Free Republic
Browse · Search
General/Chat
Topics · Post Article

Skip to comments.

More Thoughts on Google and "Trustworthiness"
Evolution News and Views ^ | March 9, 2015 | Erik J. Larson

Posted on 03/10/2015 5:25:51 AM PDT by Heartlander

More Thoughts on Google and "Trustworthiness"

Erik J. Larson March 9, 2015 3:59 PM | Permalink

Last week, I commented on the proposal by a Google team to introduce "trustworthiness" as a criterion in Web searches. See "In Determining Truthfulness, a Google Team Would Like to Do Your Thinking for You." I noted the potential for bias that this "fix" to existing algorithms would bring with it -- a worrisome prospect, perhaps, for Web source not in line with the politically progressive perspective favored by many Google employees.

How worrisome, exactly? For that we need to wade into some of the technical aspects of the paper the team used to advance their idea.

If you read the paper, you find that their group is working on extracting "triples" of the form <Subject, Predicate, Object>. These simple structures are the basis for the facts the Google team wants to identify on the Web. To obtain these triples from source documents, you'd typically use something called "Named Entity Recognition" (NER). NER simply scans text for entities of certain types, like Person, or Country. The full triple extractor will thus use NER as a subroutine, to "bind" the arguments in the triple to appropriately typed objects extracted from the Web pages. So: match Subject to "Obama," Predicate to "president of," and Object to "United States," where Obama is an instance of Person, and United States is an instance of Country and the Predicate can either be stand-alone or a specialization of something like "leader of." None of this is very groundbreaking. There are huge databases that were developed to specify all the vocabulary and constraints on semantic structures like triples (cf. FrameNet).
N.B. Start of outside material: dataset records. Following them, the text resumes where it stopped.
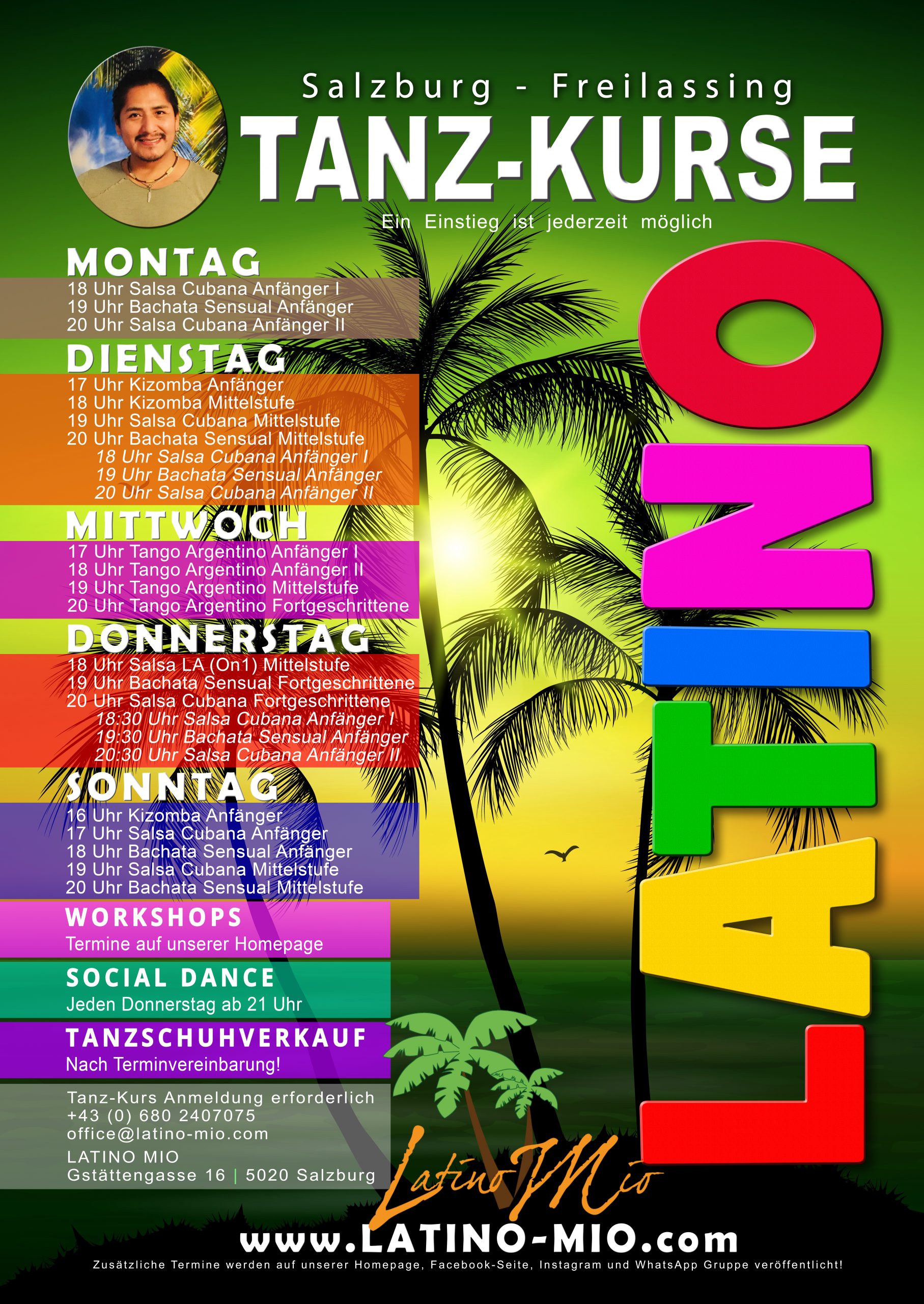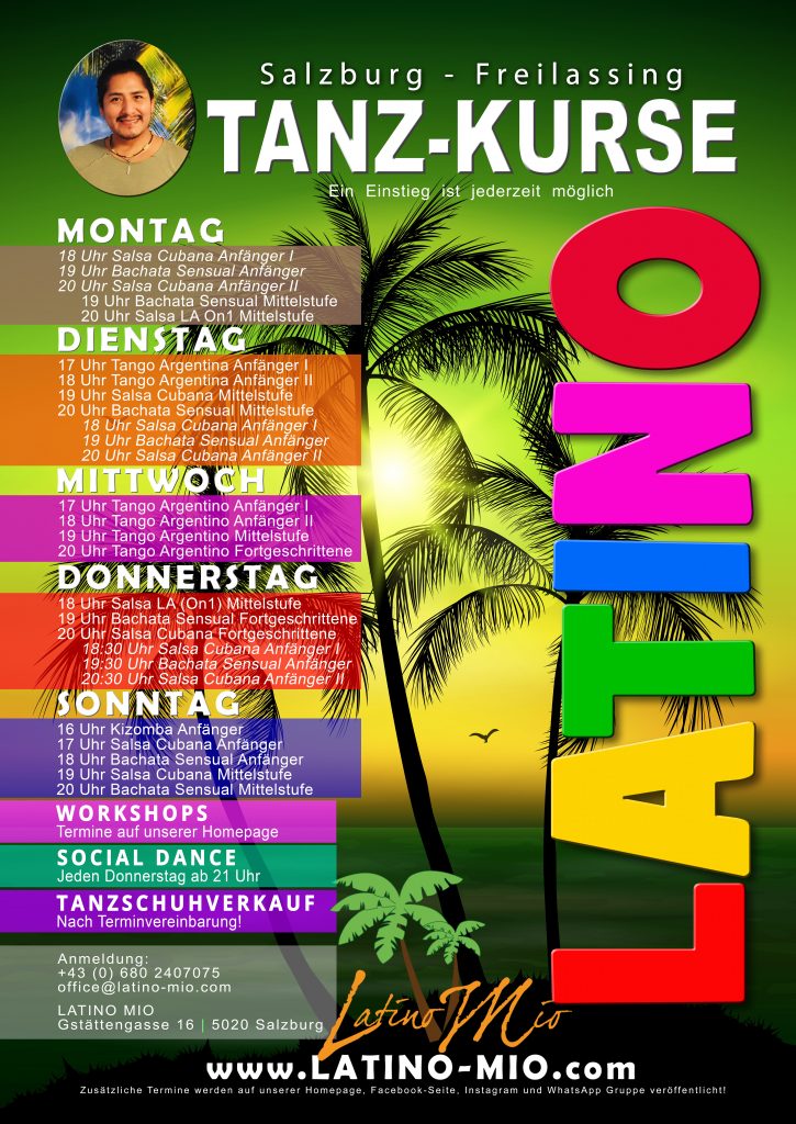 Salsa in Salzburg? Du willst endlich in einem familiären Umfeld Salsa tanzen lernen? Dann bist du hier richtig! Wir sind ein Tanz- und Kulturverein aus Salzburg. Wir bieten Salsa Kurse, Workshops und organisieren Tanzevents. Hauptsächlich bieten wir Tanzkurse für lateinamerikanische Tanzrichtungen an. Tanzen lernen leicht gemacht! Lass dich und deine Freunde vom lateinamerikanischen Temperament verzaubern. Tauche in eine Welt voller heißer Rhythmen und Musik ein, die dich leicht deinen Alltag vergessen lassen!
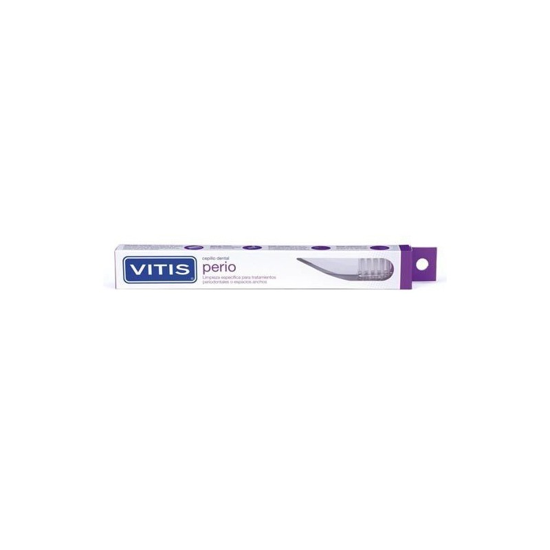 VITIS PERIO CEPILLO DENTAL ESTÁ ESPECIALEMENTE DISEÑADO PARA ELIMINAR EL BIOFILM ORAL (PLACA BACTERIANA) EN PERSONAS CON PROBLEMAS PERIODONTALES O ESPACIOS INTERDENTALES ANCHOS. ES UN CEPILLO DE USO DIARIO CON UN MAYOR ESPACIO ENTRE LOS PENACHOS (GRUPO DE FILAMENTOS) DEL CABEZAL, LO QUE PERMITE UN MEJOR ACCESO A LOS ESPACIOS INTERDENTALES ANCHOS, ADEMÁS LOS FILAMENTOS SON SUAVES Y CON PERFIL RECTO PARA RESPETAR LAS ENCÍAS CON ENFERMEDAD PERIODONTAL.
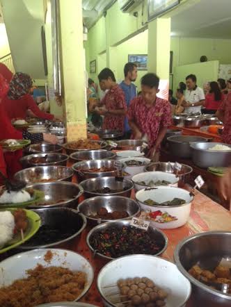 Setelah menempuh perjalanan hampir 4 jam, sampailah kami di kota Cirebon. Sayang sekali pada saat keluar pintu Tol, Cirebon belum siap menyambut para pengunjung kotanya. Kami langsung kena macet. Apalagi kami memakai bis ukuran sedang sehingga langsung terasa penuh. Untunglah kemacetan ini terbayar lunas pada saat sarapan di Warung Nasi Jamblang Khas Cirebon Ibu Nur yang berlokasi di Jalan Cangkring II. Kebetulan sekali warung ini dekat dengan stasiun kereta api. Jadi kalau naik kereta ke kota Cirebon, silahkan langsung menyantap hidangan di warung Ibu Nur. Dijamin bakalan ketagihan. Bagaimana tidak? Bayangkan berbagai menu lauk pauk terhidang di meja. Mulai dari limpa sapi, lidah sapi, paru sapi, hati sapi, cumi, udang, ayam, telor beraneka olahan sampai pepes tahu pun ada. Aku sempat bingung, mau makan lauk yang mana karena banyak begini. Akhirnya pilihan jatuh pada udang, paru goreng dan bakwan jagung goreng. Sebutan nasi jamblang ini karena penggunaan alas piringnya dari daun jati yang tentunya sudah dilap bersih 🙂 (sepertinya sih hehehe) Konon katanya supaya aroma masakan menjadi lebih wangi. Jangan khawatir dengan harganya ya, lumayan terjangkau. Misalnya nasi putih (ukuran nasi kucing angkringan) Rp. 1,500 perbuah. Aku sarankan pesan nasi minimal 2 biar kenyang karena sekali salah pesan, bersiaplah mengantri lagi dan antrian itu sangat panjang hehehehe…..
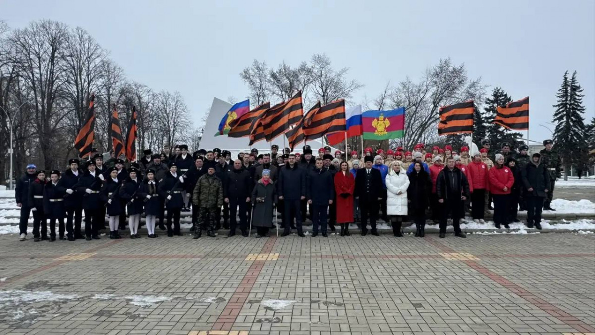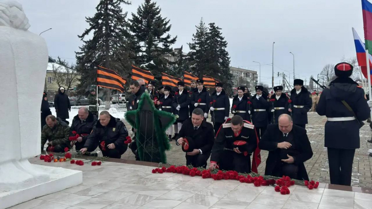 В день 82-й годовщины полного освобождения Ленинграда от фашистской блокады казаки Динского районного казачьего общества приняли участие в торжественной церемонии возложения цветов.
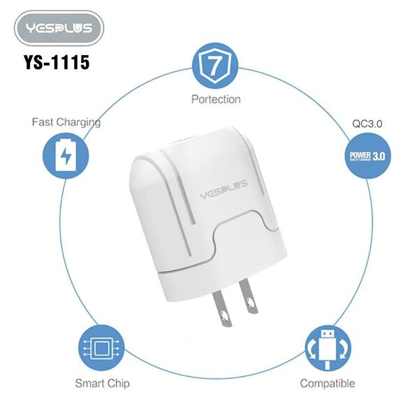YESPLUS SMART CHARGER & FAST CABLE 18W+QC 3.0 CHARGER White - iPhone- 1set

Extracting triples is semantic and discourse-constrained, in the sense that language issues like indexicality (anaphora), ambiguity, ellipsis, presupposition, metaphor, and many other issues will place fairly strict limits on the general accuracy of triple extraction systems, unless the domain is severely restricted. The Web is not -- it's no wonder this is research for Google.

The example in the paper is the one I just gave: "Obama is president of the United States." They combine this example with: "Obama's nationality is {United States, Kenya}." While not wanting to read too much into their research, this is surely a political example. However what is likely motivating the research group is to make a substantive gain in what is a very difficult problem. The examples are typically chosen with criteria (a) the system has a prayer of working on them, and (b) of general interest, in that order.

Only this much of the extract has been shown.